The discovery of the DNA double helix 60 years ago proved to be a headache for the Nobel organisation as the feat became nominated for prizes in different categories at the same time, Nature reported on Wednesday.

Francis Crick and Maurice Wilkins of Britain and James Watson of the United States shared the Nobel Prize for Medicine in 1962, nine years after revealing that the code for life has a spiral-staircase structure joined by chemical rungs.

But two researchers who delved into the award process were stunned to find that the trio were simultaneously nominated for the Nobel Prize for Chemistry that same year.

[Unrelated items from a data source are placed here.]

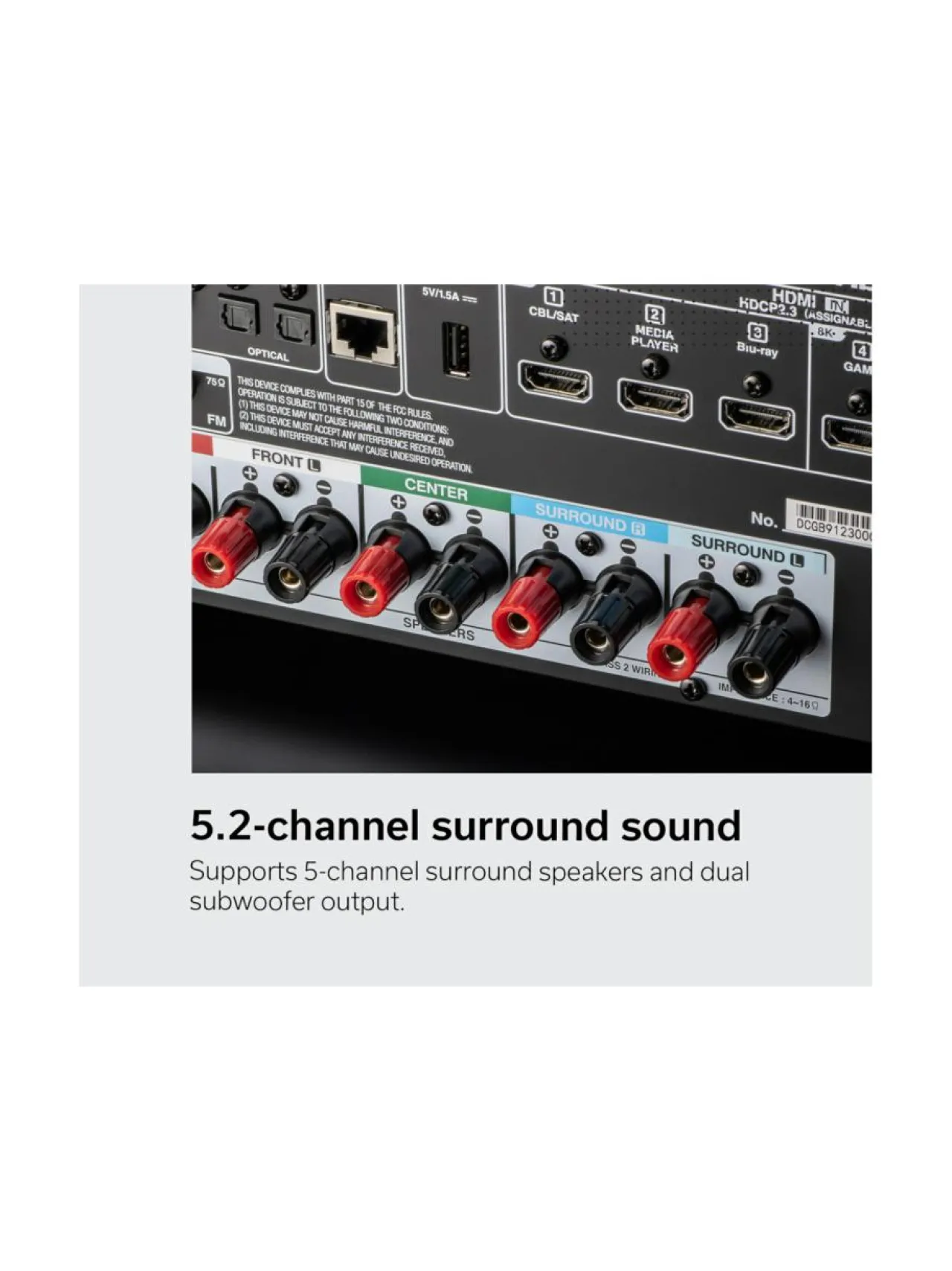 Jos haluat nopeasti yhdistää lähes minkä tahansa mobiililaitteen tai tietokoneen äänen musiikkijärjestelmääsi, Bluetooth on erittäin kätevä vaihtoehto, joka varmistaa toimivuuden minkä tahansa sovelluksen kanssa. Äänen vastaanoton lisäksi AVR-S670H osaa myös lähettää ääntä eteenpäin Bluetoothin avulla, joten voit helposti liittää esimerkiksi langattomat Bluetooth-kuulokkeet vahvistimeen yömyöhäistä kuuntelua varten.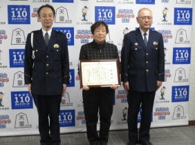 松田女性部副部長は、多年にわたるこども見守り活動等地域の交通事故防止に寄与した功労者として、天童警察署長から感謝状が贈呈されました。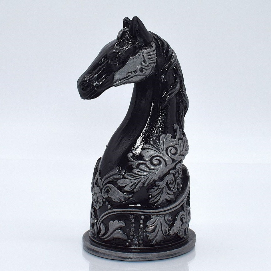 В его форме не просто красота, а кинетическая энергия, вот-вот готовая вырваться наружу. Его цвет - глубокий чёрный, как уголь под пеплом. И на этой тёмной основе не просто серебряный декор, а прожилки холодного пламени. Античное серебро лат и сложного орнамента бегущего по мощному торсу мерцают сдержанным благородством.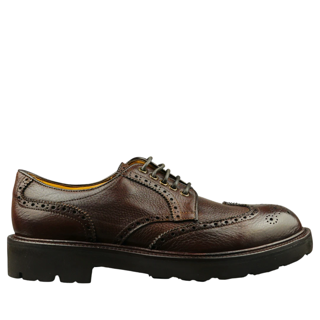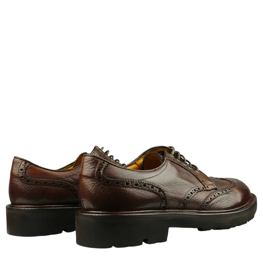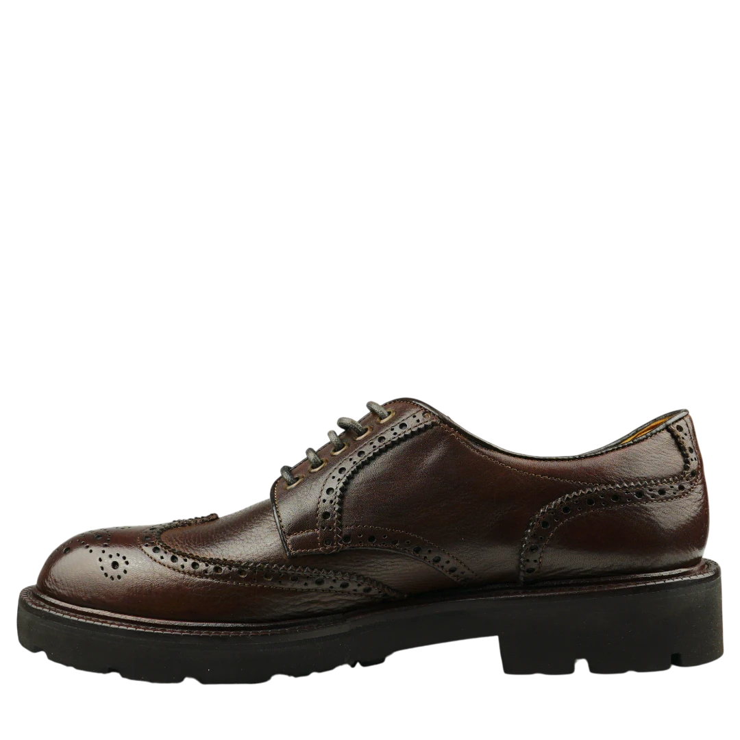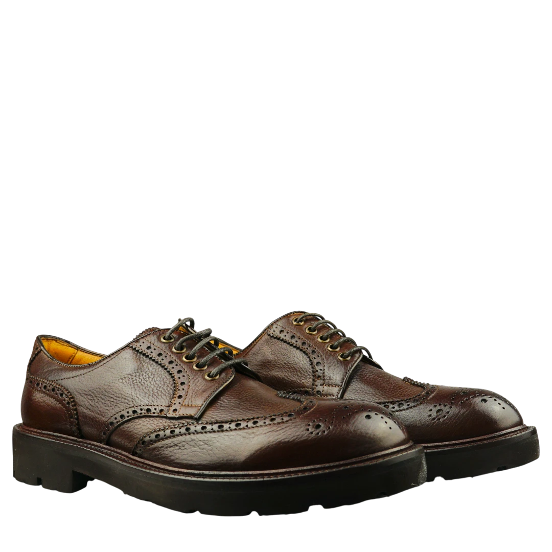 Ove Calpierre muške cipele savršen su primjer italijanske elegancije i besprijekorne izrade. Ručno izrađene od vrhunske smeđe kože s prepoznatljivim brogue perforacijama, odišu klasikom i sofisticiranošću. Masivni gumeni đon pruža stabilnost i udobnost, dok tekstura kože dodaje luksuznu notu svakom outfitu. Idealne su za poslovne kombinacije, ali i za casual elegantne prilike kada želite izgledati profinjeno i moderno u isto vrijeme.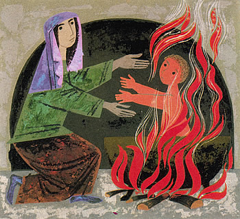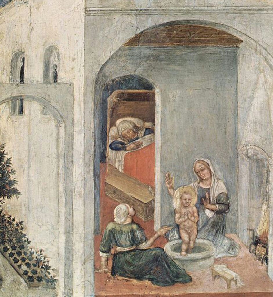 Een moeder was haar kind aan het wassen. Om het water niet snel te laten afkoelen had ze de kuip op het vuur gezet, terwijl ze het kind waste. Toen ze de klok hoorde luiden herinnerde ze zich dat de nieuwe bisschop, Nicolaas, vandaag ingehuldigd zou worden, en daarom haastte ze zich naar de kerk. Opeens herinnerde ze zich dat ze het kind op het vuur had laten staan en rende in paniek terug. Thuisgekomen zag ze dat het kind in het badje zat te spelen. Nicolaas had een wonder verricht; het water was niet gaan koken en het kind had zich niet gebrand.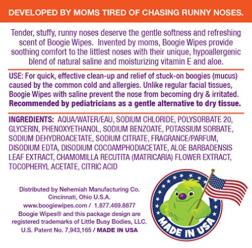 Boogie wipes are made with saline to dissolve boogies (mucus) caused by the common cold, allergies or otherwise booger-filled kid moments. Extra soft and scented in great grape, fresh scent or magic menthol (for extra stuffy noses) boogie wipes are recommended by pediatricians as a gentle, effective alternative to a dry tissue.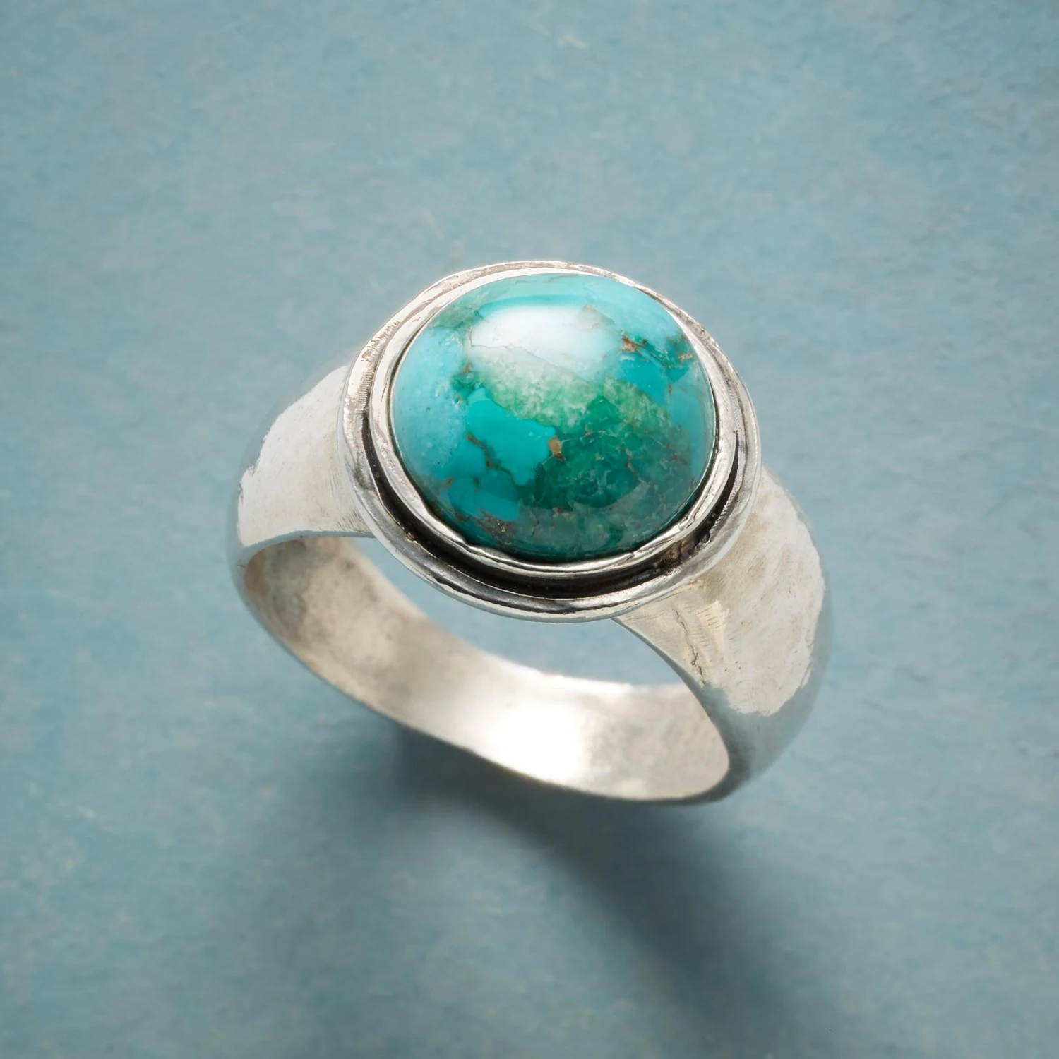 A cabochon-cut turquoise rises like an island from its hammered sterling silver band. Handcrafted. Exclusive. Whole sizes 5-9. 3/8″ tapers to 3/16″w.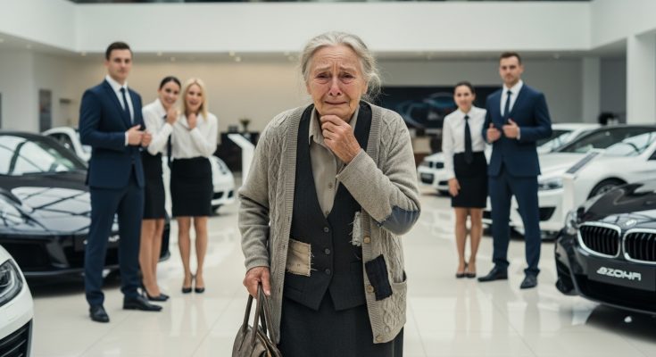 MATANDANG BABAE NA NAKA-USTADONG DAMIT NA PUMASOK SA LUXURY CAR SHOWROOM — PINAGTAWANAN NG MGA EMPLEYADO… HINDI NILA ALAM NA SIYA ANG TUNAY NA MAY-ARI NG KOMPANYA. SA HULI, LAHAT SILA NALUHOD AT NAGSUMAMPA NG PATAWAD.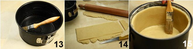 Füttern Sie die gebutterte Springform mit dem rechteckigen Streifen und drücken Sie den Mürbeteig gut an die Form, bedecken Sie den Boden mit einer der beiden Scheiben 15
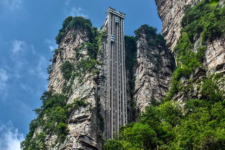 To address this, China undertook an ambitious engineering project: the Bailong Elevator, also known as the Hundred Dragons Elevator. Built into the side of a cliff, this double-deck glass elevator was constructed in October 1999 at a cost exceeding $20 million.

"The fact that the double helix was the subject of nominations for both prizes must have presented a dilemma for the two [award] committees," Alexander Gann and Jan Witkowski of Cold Spring Harbor Laboratory in New York report in a letter to the journal.

The evidence comes from a letter that French geneticist Jacques Monod wrote to the Nobel Committee for Chemistry, nominating the trio for the chemistry award. Gann and Witkowski found the letter in the archives of the Pasteur Institute in Paris.

In the event, the 1962 chemistry Nobel went to Max Perutz and John Kendrew for work on haemoglobin and myoglobin.

The only person to have won the Nobel in different categories of science is Marie Curie, who in 1903 shared the physics award with her husband Pierre and Henri Becquerel, and in 1911 was the sole winner of the chemistry prize.

Separately, Gann and Witkowski say that Crick wrote a nine-page letter to Monod on December 31 1961 to describe his joint quest with Watson to identify DNA.

In his letter, Crick "acknowledges the importance" of X-ray imaging by Rosalind Franklin in determining "certain features" of DNA's structure, the pair say.

Franklin has become a cause celebre among some feminists, who say Crick, Watson and Wilkins snubbed her and never acknowledged her vital contribution.